**YOUR ASSIGNMENT:** Copy word for word the lines in the records below, starting at the line with "Thay mặt Trung" and ending at the line with "De acordo com". Skip the pictures.
*** Opening ENTRIES PROVIDED ***
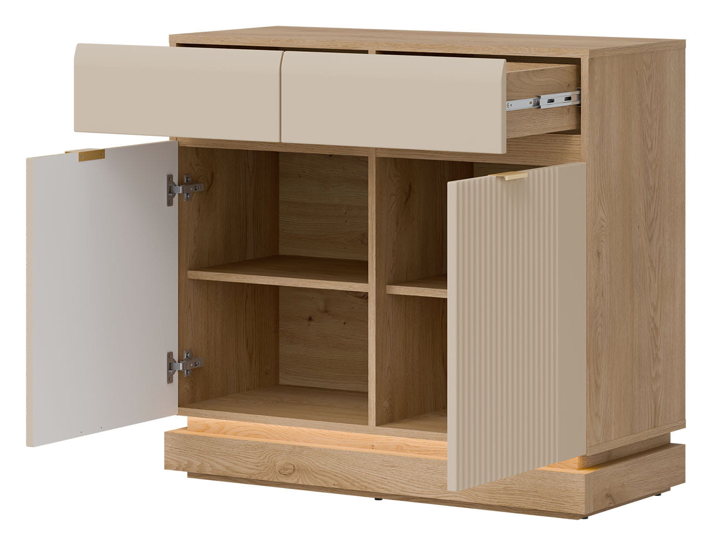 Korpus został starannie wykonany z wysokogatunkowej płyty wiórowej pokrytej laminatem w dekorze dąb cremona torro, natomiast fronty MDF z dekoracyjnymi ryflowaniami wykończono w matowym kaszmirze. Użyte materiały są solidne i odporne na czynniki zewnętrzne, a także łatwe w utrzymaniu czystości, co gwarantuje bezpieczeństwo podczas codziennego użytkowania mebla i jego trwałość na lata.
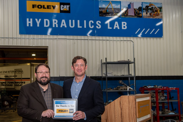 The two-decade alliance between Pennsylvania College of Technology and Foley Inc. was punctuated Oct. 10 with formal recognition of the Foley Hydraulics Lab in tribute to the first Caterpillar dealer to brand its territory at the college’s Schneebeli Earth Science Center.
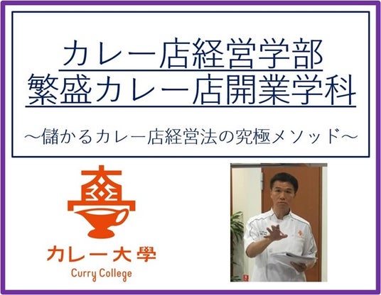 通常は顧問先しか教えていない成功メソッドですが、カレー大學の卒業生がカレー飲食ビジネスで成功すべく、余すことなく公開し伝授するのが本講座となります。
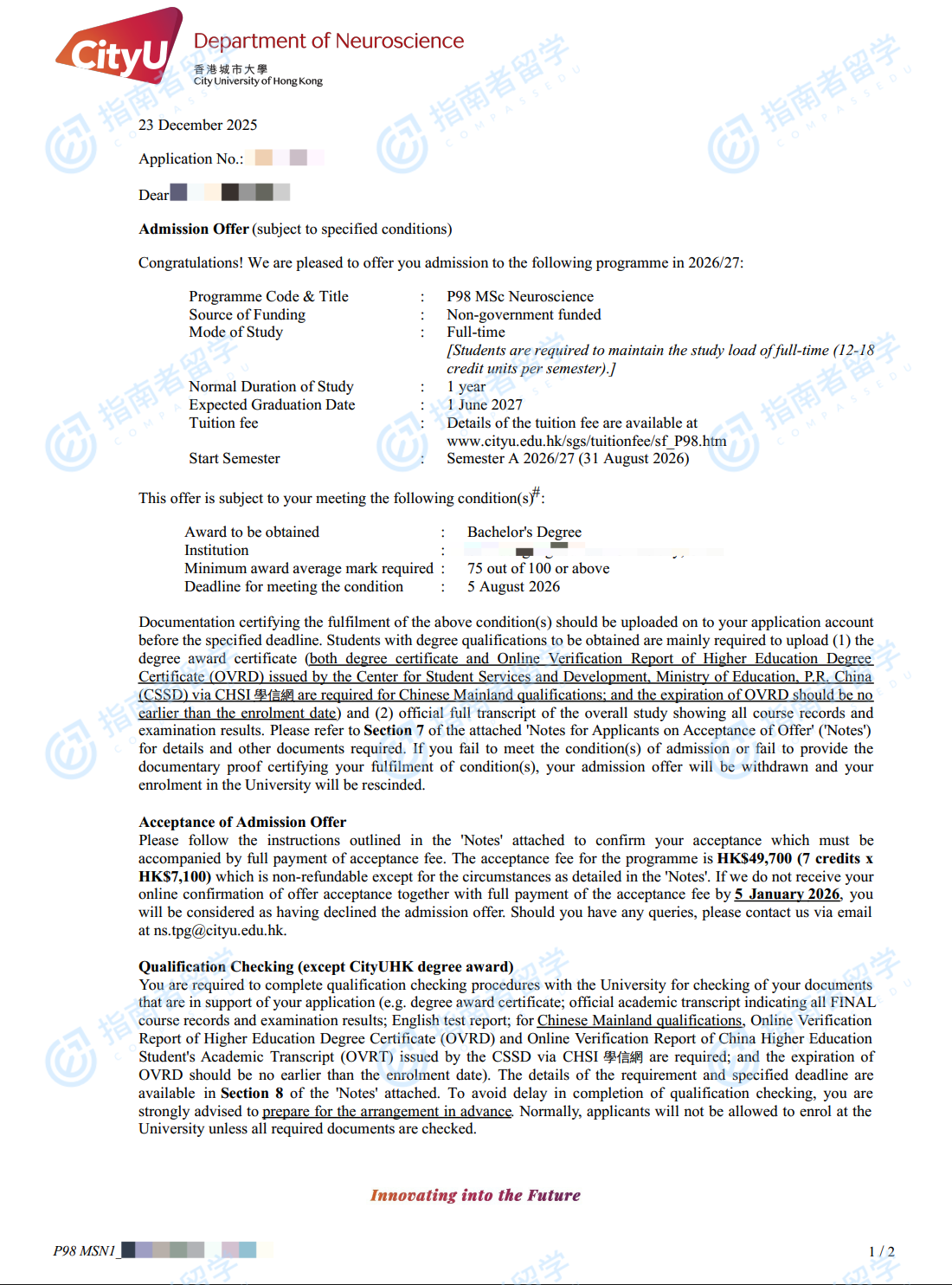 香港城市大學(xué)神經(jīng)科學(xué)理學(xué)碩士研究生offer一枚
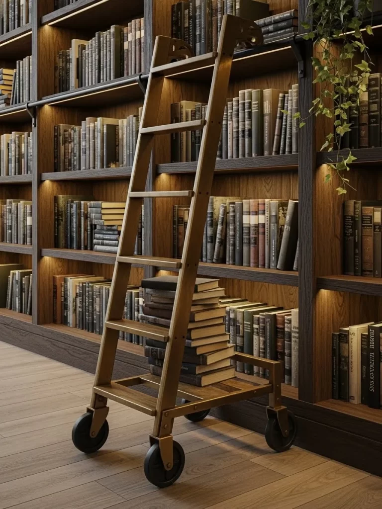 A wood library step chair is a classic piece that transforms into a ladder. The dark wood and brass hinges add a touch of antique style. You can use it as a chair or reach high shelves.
*** Closing ENTRIES PROVIDED ***
*** Opening ENTRIES PROVIDED ***
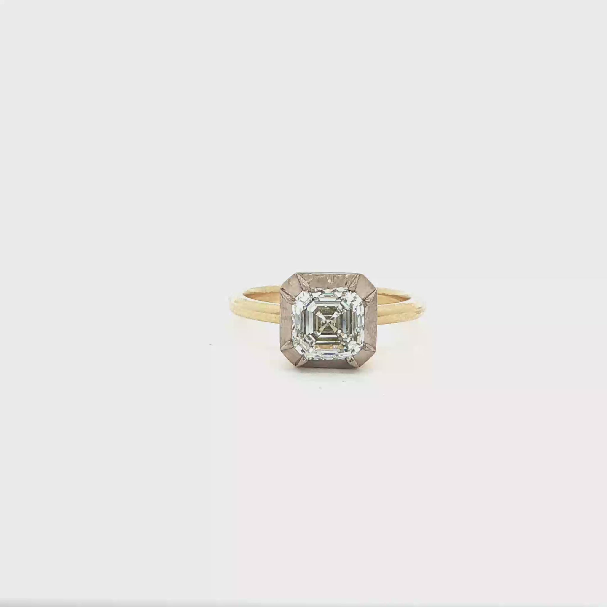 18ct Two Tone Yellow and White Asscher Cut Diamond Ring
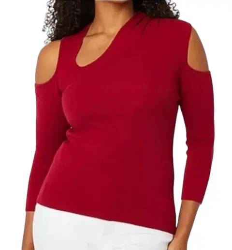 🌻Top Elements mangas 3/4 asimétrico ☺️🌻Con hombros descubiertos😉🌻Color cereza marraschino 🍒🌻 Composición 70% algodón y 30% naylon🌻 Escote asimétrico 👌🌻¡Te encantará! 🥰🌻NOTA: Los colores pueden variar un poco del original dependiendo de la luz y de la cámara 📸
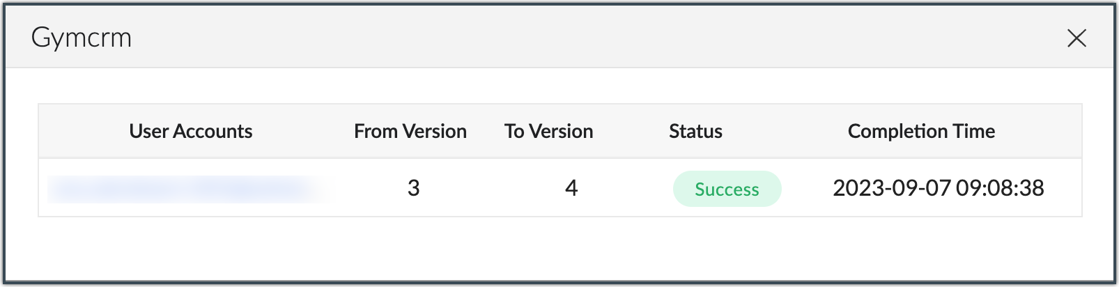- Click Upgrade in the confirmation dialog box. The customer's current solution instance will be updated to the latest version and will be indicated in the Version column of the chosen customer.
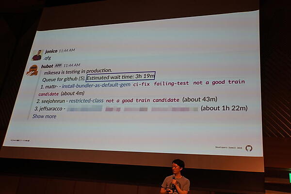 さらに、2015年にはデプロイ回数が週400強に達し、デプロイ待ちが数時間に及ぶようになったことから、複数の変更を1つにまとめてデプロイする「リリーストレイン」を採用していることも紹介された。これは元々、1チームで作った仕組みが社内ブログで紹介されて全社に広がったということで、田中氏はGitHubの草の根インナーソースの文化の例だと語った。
*** Closing ENTRIES PROVIDED ***
*** Opening ENTRIES PROVIDED ***
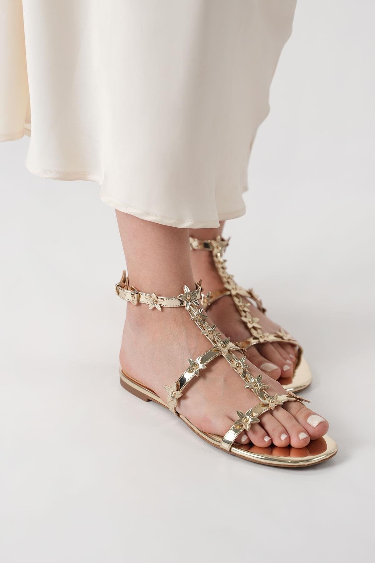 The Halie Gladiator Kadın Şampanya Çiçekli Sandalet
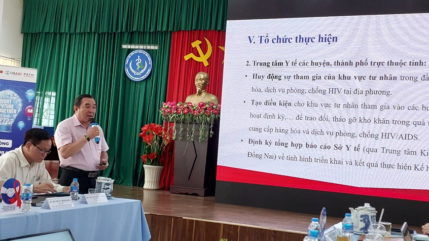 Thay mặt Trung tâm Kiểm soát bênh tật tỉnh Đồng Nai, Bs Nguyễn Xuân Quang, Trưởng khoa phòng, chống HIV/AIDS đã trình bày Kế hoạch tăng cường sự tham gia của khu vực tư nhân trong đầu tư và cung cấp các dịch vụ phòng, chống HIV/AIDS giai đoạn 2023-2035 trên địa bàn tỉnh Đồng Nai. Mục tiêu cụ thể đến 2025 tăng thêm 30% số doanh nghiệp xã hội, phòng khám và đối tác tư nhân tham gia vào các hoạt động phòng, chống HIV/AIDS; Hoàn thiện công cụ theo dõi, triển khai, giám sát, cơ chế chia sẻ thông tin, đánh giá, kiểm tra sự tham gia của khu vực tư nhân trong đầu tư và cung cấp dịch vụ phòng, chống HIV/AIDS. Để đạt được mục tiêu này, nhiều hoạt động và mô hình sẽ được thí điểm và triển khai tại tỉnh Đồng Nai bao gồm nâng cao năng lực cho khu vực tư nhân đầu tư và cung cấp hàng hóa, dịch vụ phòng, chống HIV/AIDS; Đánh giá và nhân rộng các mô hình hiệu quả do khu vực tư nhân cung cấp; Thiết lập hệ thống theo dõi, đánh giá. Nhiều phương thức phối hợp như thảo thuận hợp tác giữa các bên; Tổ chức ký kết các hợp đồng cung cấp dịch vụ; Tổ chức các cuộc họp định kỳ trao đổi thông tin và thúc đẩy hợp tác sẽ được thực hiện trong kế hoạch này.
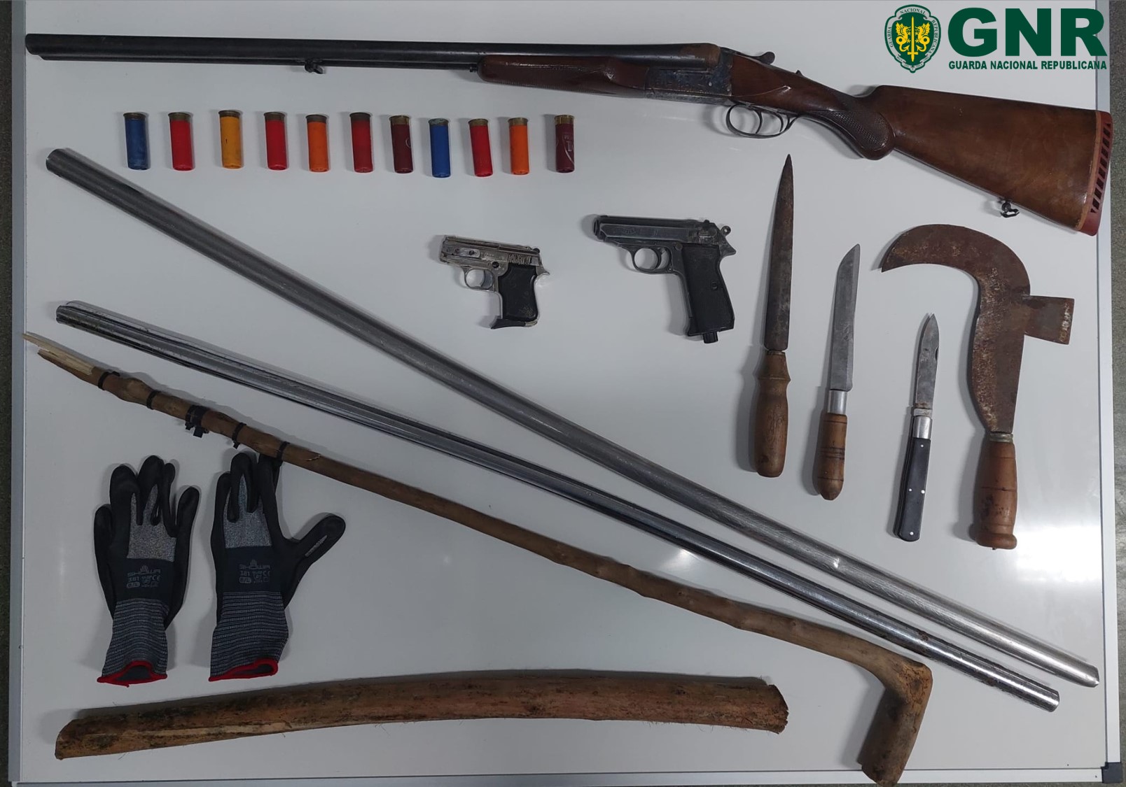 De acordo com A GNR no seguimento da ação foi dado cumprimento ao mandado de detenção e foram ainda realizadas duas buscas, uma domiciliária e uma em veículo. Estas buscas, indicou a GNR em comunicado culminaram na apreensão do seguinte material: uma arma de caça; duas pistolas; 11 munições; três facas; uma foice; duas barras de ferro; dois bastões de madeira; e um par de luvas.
*** Closing ENTRIES PROVIDED ***
**RESPONSE AREA:**
 Thay mặt Trung tâm Kiểm soát bênh tật tỉnh Đồng Nai, Bs Nguyễn Xuân Quang, Trưởng khoa phòng, chống HIV/AIDS đã trình bày Kế hoạch tăng cường sự tham gia của khu vực tư nhân trong đầu tư và cung cấp các dịch vụ phòng, chống HIV/AIDS giai đoạn 2023-2035 trên địa bàn tỉnh Đồng Nai. Mục tiêu cụ thể đến 2025 tăng thêm 30% số doanh nghiệp xã hội, phòng khám và đối tác tư nhân tham gia vào các hoạt động phòng, chống HIV/AIDS; Hoàn thiện công cụ theo dõi, triển khai, giám sát, cơ chế chia sẻ thông tin, đánh giá, kiểm tra sự tham gia của khu vực tư nhân trong đầu tư và cung cấp dịch vụ phòng, chống HIV/AIDS. Để đạt được mục tiêu này, nhiều hoạt động và mô hình sẽ được thí điểm và triển khai tại tỉnh Đồng Nai bao gồm nâng cao năng lực cho khu vực tư nhân đầu tư và cung cấp hàng hóa, dịch vụ phòng, chống HIV/AIDS; Đánh giá và nhân rộng các mô hình hiệu quả do khu vực tư nhân cung cấp; Thiết lập hệ thống theo dõi, đánh giá. Nhiều phương thức phối hợp như thảo thuận hợp tác giữa các bên; Tổ chức ký kết các hợp đồng cung cấp dịch vụ; Tổ chức các cuộc họp định kỳ trao đổi thông tin và thúc đẩy hợp tác sẽ được thực hiện trong kế hoạch này.
 De acordo com A GNR no seguimento da ação foi dado cumprimento ao mandado de detenção e foram ainda realizadas duas buscas, uma domiciliária e uma em veículo. Estas buscas, indicou a GNR em comunicado culminaram na apreensão do seguinte material: uma arma de caça; duas pistolas; 11 munições; três facas; uma foice; duas barras de ferro; dois bastões de madeira; e um par de luvas.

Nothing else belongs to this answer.